A soldier and a police officer were killed and more than a dozen people were injured as Egypt was rocked by three explosions Friday, raising fear of an increase in violence before the presidential election this month.
Two of the attacks were suicide bombings that took place in the restive Sinai Peninsula, where Egypt's army has been battling an Islamist insurgency; the third blast was set off in Cairo.
Most of the Sinai fighting has been taking place in the north, but Friday's attacks occurred in the town of El Tur in southern Sinai, closer to beach resorts that continue to draw foreign visitors and provide Egypt with badly needed tourist revenue.
Militant attacks in Egypt are usually aimed at security installations, and one of Friday's targets was an army checkpoint. But the other bomber struck a bus carrying civilians.
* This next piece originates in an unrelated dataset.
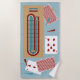 Whether you're playing your own game of beach cribbage or just soaking up some rays, you'll love this beach towel that's perfect for cribbage players. It features an illustration of a cribbage game board in tan, red, white and blue as well as illustrations of playing cards and game pegs set against a light blue background.

The checkpoint blast killed one soldier in addition to the bomber and injured five others, security officials said. The second explosion, on a nearby roadway, killed only the bomber, but injured four people aboard the bus. In the capital, Cairo, a crude device planted at a traffic-control post killed a policeman and injured four other people, the Interior Ministry said.
There was no immediate claim of responsibility for any of the attacks.
The United States this week moved to bolster Egypt in its fight against armed Islamist groups in Sinai, pledging to send 10 Apache attack helicopters whose shipment had been held up when some aid to Egypt was suspended last year. The Obama administration is also seeking to restore hundreds of millions of dollars worth of other aid, but has run into congressional opposition due to a series of repressive measures by Egypt's military-backed interim government.
Those have included the killing of more than 1,000 followers of ousted Islamist President Mohamed Morsi and the jailing of at least 16,000 others, by the government's own count. Egypt also drew international condemnation after a judge last week handed down mass death sentences to nearly 700 people – a month after having decreed capital punishment for more than 500 others.
Government actions have also targeted freedom of expression and assembly, including the jailing of journalists and passage of a law criminalizing spontaneous street protests. Authorities are also weighing proposed anti-terrorism legislation that rights advocates say could be wielded against virtually anyone who criticizes the government.
The government has blamed Morsi's Muslim Brotherhood for a wave of attacks in recent months, but another militant group – Ansar Bayt al Maqdis, or Partisans of Jerusalem – has claimed responsibility for the most sophisticated and deadly attacks. The Brotherhood, previously Egypt's biggest political bloc, publicly renounces violence; the interim government has branded it a terrorist organization.